Несколько секунд Эсмерея стояла неподвижно, сама не понимая, что она чувствует и как относится к тому, что только что было произнесено, потом медленно опустилась на колени и приникла губами к обутым в легкие сандалии стопам Учителя.
2
Караван
Но этот караван был не таким. Это был обычный караван, который снаряжает иногда отчаявшийся купец в поисках неожиданной удачи. На последние деньги. Чудом. Потому что удачливые купцы чаще всего ходят знакомыми маршрутами. Их караваны водят богато одетые караванщики на холеных верблюдах. А тюки на их вьючных верблюдах туго набиты товарами, которые принесут в этих местах самую большую прибыль. Да и сами верблюды выглядят как верблюды, а не как… Короче, в этом караване все было настолько понятно и не вызывало никакого интереса, что зеваки, собравшиеся на окраине города, едва только босоногие мальчишки принесли весть о том, что на горизонте появился караван, начали расходиться еще до того, как этот караван пересек городскую черту. Но не всегда то, что видится издали как заурядное и неинтересное, вблизи оказывается точно таким же. Именно это и произошло. Решившие остаться и подождать были вознаграждены за свое терпение. Когда караван подошел поближе, так, что уже можно было разглядеть людей и их одежды, по толпе зевак пробежал изумленный шепоток. Караван был невелик, тощие верблюды выглядели убого, зато охрана была многочисленной. Вблизи стало видно, что половина тех, кого зеваки поначалу приняли за погонщиков и просто прибившихся к каравану пеших путников, вместо посохов опираются на луки со спущенной тетивой, и на поясах у них болтаются короткие бронзовые мечи в потертых ножнах с непривычно прямым и широким лезвием. А из-под выцветших лохмотьев выглядывают настоящие бронзовые латы и шлемы, на которых кое-где сохранилась даже следы позолоты. Зеваки возбужденно загалдели. Кто-то тут же помчался стремглав на базар, спеша поделиться с ранее ушедшими или вообще не появлявшимися на окраине приятелями интересной новостью, а остальные взволнованно зашевелились, вытягивая шеи и стараясь получше рассмотреть необычных гостей. Поэтому очень многие услышали, как караванщик, ехавший впереди цепочки изможденных верблюдов, остановил свое животное, выглядевшее ненамного лучше остальных, и, повернувшись к высокому мускулистому воину, который, похоже, был вождем, сказал:
— Вот и все, уважаемый, здесь мы с вами расстаемся. Я, как и обещал, довез вас до Сумерка, мои верблюды везли вашу воду, а вы хорошо охраняли караван.

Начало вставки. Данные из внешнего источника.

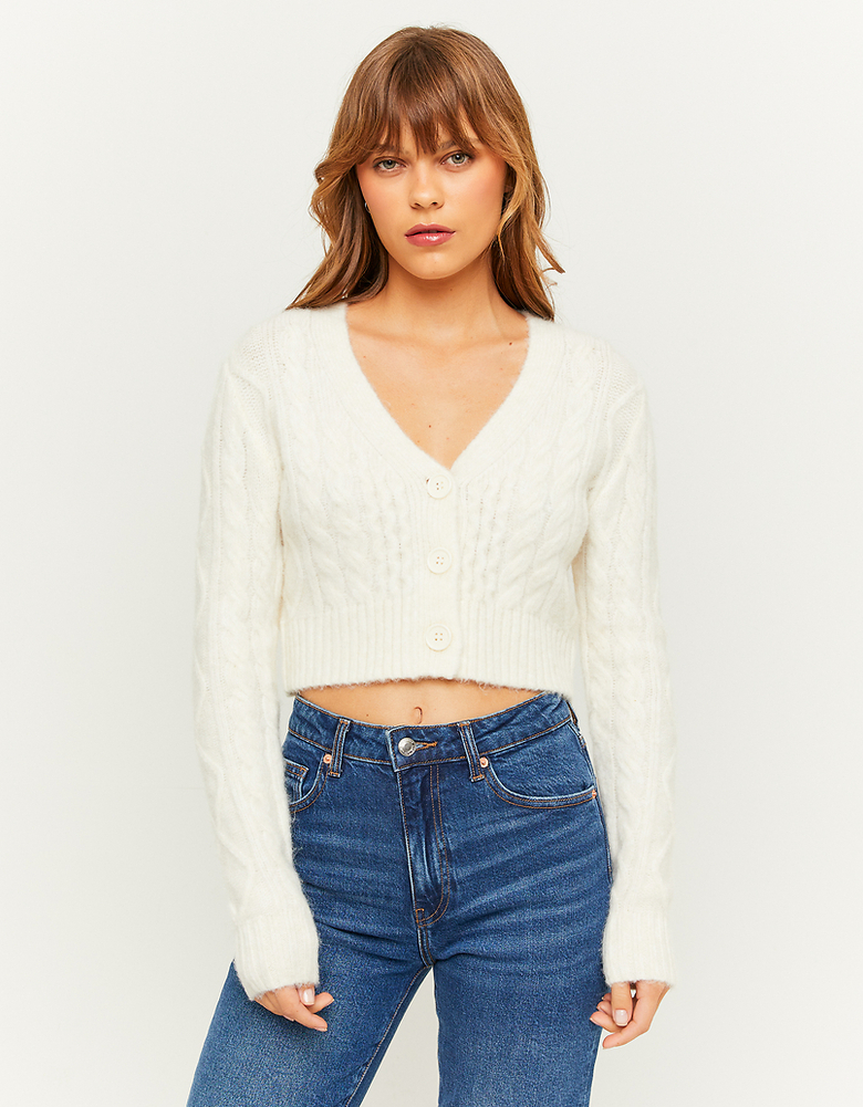 Imagine yourself in our White Cable Knit Cropped Cardigan – the epitome of cozy sophistication. This cardigan is intricately designed with a stylish cable knit pattern that adds texture and charm. Its cropped length and long sleeves offer versatility in layering, making it an excellent choice to complement various outfits. The pristine white color exudes elegance and timeless style, making it a wardrobe essential. Whether you're dressing up for a special occasion or need an extra layer of warmth, this white cable knit cropped cardigan is the perfect choice. ⚪💫😍

Мужчина, к которому обратился караванщик, нахмурился:
— А может быть… Караванщик его оборвал:
— Нет! Я же сказал, до СКАЛЫ вы будете добираться сами. Я не знаю туда дороги и пока еще не сошел с ума до такой степени, чтобы пытаться ее узнать. — Он ударил в бока своего верблюда босыми пятками и шустро потрусил в сторону рыночной площади.
Толпа на мгновение замерла, затем начала стремительно редеть. Если чьи-то губы произнесли ЭТО слово, то самое разумное — побыстрее оказаться как можно дальше от того, кто совершил подобную глупость. Через какие-то две минуты от плотной толпы зевак осталась лишь пара калек да толстый увалень-евнух с явными признаками дебильности на лице. Мужчина, собиравшийся отправиться к Скале, окинул их угрюмым взглядом, посмотрел на скопище глинобитных хижин размером от силы пять на шесть локтей и на видневшийся за ними уродливый сарай побольше, по-видимому изображавший из себя центральный храм города Сумерк, и повернулся к товарищам.